• STUDY MATERIAL:
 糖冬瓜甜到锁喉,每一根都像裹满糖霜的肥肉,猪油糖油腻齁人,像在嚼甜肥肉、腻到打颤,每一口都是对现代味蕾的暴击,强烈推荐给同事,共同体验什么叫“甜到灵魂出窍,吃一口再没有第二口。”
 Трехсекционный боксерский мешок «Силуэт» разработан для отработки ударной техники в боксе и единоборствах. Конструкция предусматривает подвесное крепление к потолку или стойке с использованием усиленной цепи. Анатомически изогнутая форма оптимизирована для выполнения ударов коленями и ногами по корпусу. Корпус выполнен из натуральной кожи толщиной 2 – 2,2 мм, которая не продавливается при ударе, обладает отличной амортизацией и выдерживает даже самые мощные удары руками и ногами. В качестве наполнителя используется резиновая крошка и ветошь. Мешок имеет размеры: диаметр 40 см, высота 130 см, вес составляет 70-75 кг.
--
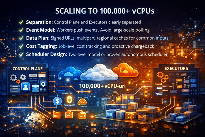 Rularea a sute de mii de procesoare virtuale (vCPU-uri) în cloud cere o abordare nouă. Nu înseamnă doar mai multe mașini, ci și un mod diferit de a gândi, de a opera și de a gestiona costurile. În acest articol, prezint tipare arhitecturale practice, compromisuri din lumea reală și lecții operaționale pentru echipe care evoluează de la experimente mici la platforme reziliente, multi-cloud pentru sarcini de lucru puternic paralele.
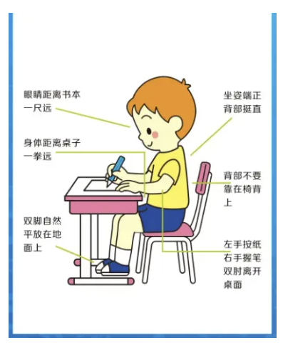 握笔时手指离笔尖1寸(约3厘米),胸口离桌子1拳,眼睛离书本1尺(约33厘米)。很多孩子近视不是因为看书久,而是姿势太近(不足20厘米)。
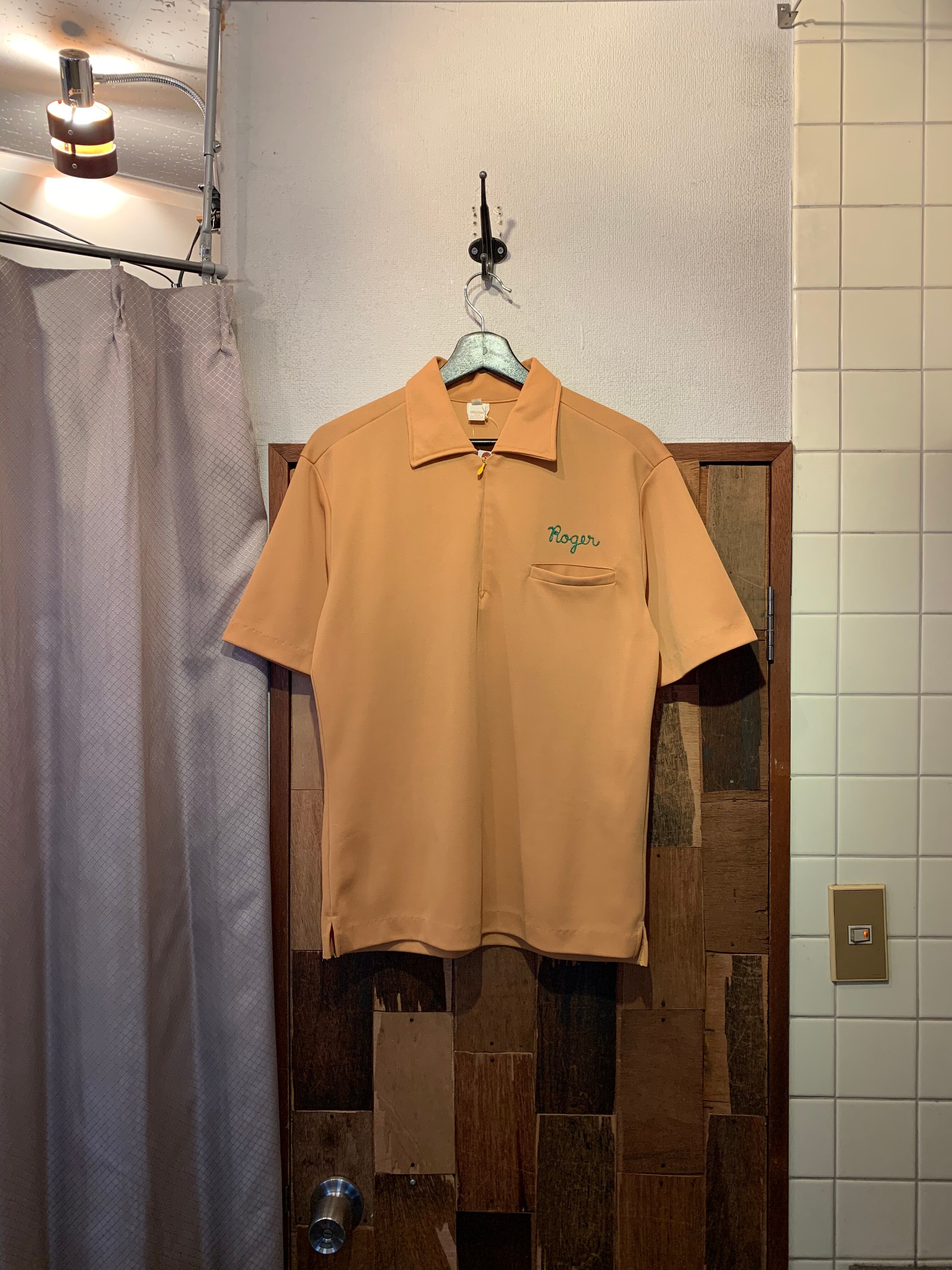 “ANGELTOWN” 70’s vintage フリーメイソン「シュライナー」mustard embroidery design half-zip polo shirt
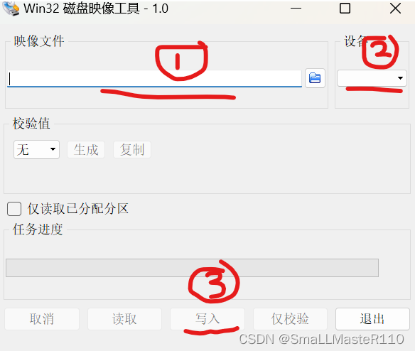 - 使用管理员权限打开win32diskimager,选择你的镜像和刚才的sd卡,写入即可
...
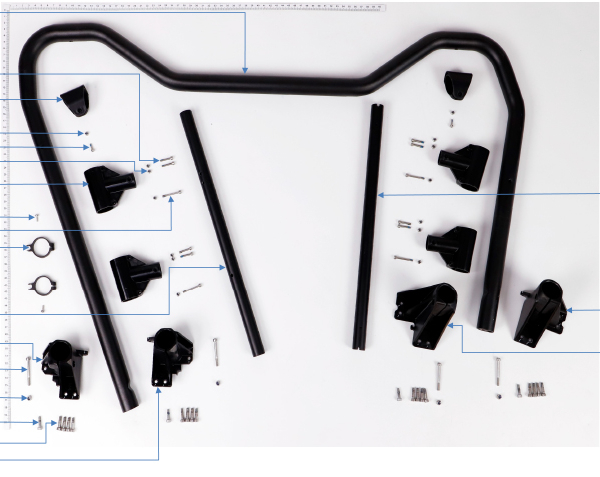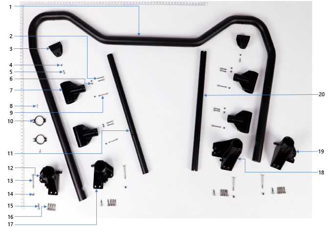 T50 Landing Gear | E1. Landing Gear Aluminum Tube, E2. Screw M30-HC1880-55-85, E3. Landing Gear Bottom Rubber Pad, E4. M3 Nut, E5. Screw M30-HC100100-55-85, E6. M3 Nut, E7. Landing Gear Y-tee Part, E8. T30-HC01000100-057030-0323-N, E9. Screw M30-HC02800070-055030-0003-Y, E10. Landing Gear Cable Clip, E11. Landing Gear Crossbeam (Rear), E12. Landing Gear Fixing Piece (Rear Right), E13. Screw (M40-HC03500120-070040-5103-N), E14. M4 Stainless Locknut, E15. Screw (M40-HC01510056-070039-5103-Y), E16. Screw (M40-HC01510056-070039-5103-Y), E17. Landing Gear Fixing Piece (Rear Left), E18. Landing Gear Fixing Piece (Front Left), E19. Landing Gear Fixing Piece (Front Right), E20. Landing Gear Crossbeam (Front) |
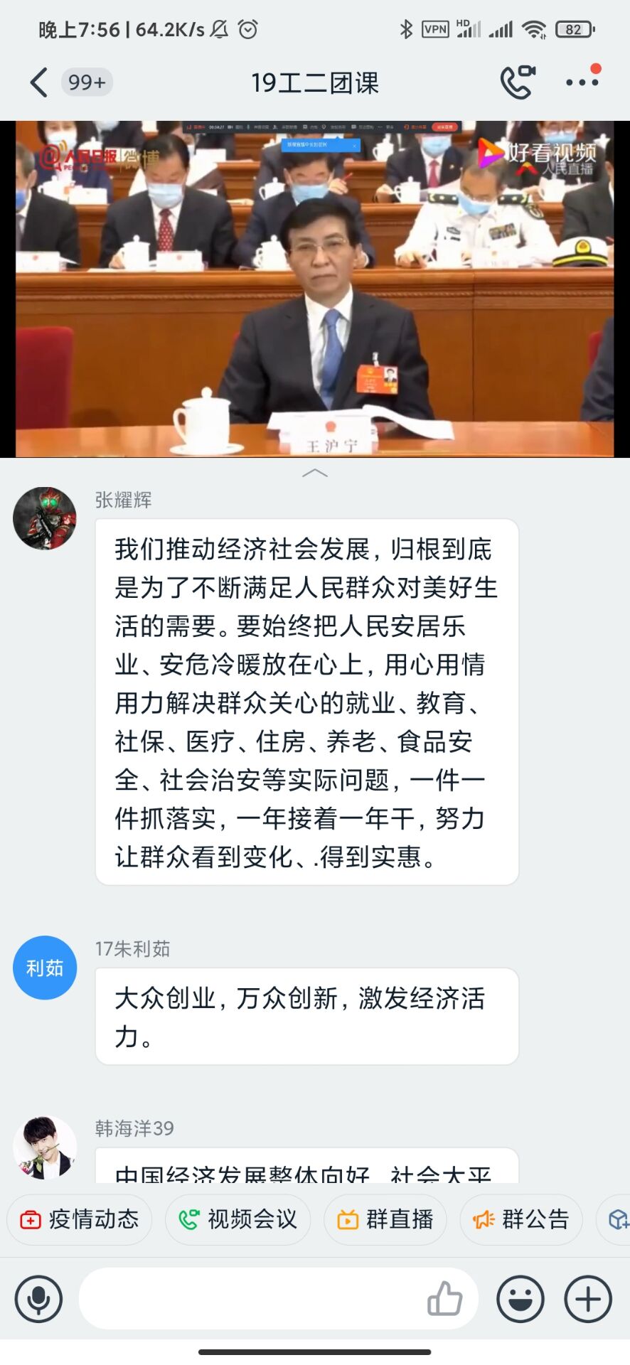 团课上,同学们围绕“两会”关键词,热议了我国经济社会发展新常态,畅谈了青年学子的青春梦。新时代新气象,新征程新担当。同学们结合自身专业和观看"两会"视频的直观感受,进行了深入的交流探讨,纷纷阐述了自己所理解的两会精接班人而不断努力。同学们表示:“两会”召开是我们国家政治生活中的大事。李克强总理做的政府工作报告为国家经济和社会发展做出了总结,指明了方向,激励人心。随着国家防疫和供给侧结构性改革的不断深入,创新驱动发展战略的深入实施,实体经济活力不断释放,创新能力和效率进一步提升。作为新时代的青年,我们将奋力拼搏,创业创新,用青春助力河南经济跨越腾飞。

• TASK BRIEF:
Among the records above, locate the line containing "Rularea a sute" and the line containing "- 使用管理员权限打开win", then transcribe exactly the lines starting at the first and ending at the second, with no pictures.

• RESULT OF THIS EXERCISE:
 Rularea a sute de mii de procesoare virtuale (vCPU-uri) în cloud cere o abordare nouă. Nu înseamnă doar mai multe mașini, ci și un mod diferit de a gândi, de a opera și de a gestiona costurile. În acest articol, prezint tipare arhitecturale practice, compromisuri din lumea reală și lecții operaționale pentru echipe care evoluează de la experimente mici la platforme reziliente, multi-cloud pentru sarcini de lucru puternic paralele.
 握笔时手指离笔尖1寸(约3厘米),胸口离桌子1拳,眼睛离书本1尺(约33厘米)。很多孩子近视不是因为看书久,而是姿势太近(不足20厘米)。
 “ANGELTOWN” 70’s vintage フリーメイソン「シュライナー」mustard embroidery design half-zip polo shirt
 - 使用管理员权限打开win32diskimager,选择你的镜像和刚才的sd卡,写入即可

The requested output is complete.